Class of October 2018 Part 2
100 days today of completely Sober Living as of Today January 8th 2019
Day 1 was October 1, 2018
Did not think I could or would do this as I have tried on occasion before. I do think starting to post in SR and joining the Oct 2018 recovery group is what made the difference this time and for that I am grateful.
The problem now is what to do next? I am continuing my sober days for now but the question to myself is do I dare attempt moderation? I have not read one post on SR that has said it works. UGH
Thank you!
Day 1 was October 1, 2018
Did not think I could or would do this as I have tried on occasion before. I do think starting to post in SR and joining the Oct 2018 recovery group is what made the difference this time and for that I am grateful.

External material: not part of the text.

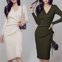 u20125 3色 ワンピース 着痩せ   秋冬新作 レディース  無地 OL エレガンス

The problem now is what to do next? I am continuing my sober days for now but the question to myself is do I dare attempt moderation? I have not read one post on SR that has said it works. UGH
Thank you!
Congrats on 100 days Spiritman! I've only reached that far a couple of times, and have been attempting to "moderate" ever since....and it sucks! Just my two cents...it's a constant struggle and you're not missing anything great! My vote is stay the course
Slowly pulling myself out of this moderation crap....Two weeks since my last drink....day 10 of 30 day AF program (The Alcohol Experiment) and online meeting coming up this evening.
Slowly pulling myself out of this moderation crap....Two weeks since my last drink....day 10 of 30 day AF program (The Alcohol Experiment) and online meeting coming up this evening.
do I dare attempt moderation?
If you reintroduce alcohol, I think you'll find yourself back at square one fairly quickly.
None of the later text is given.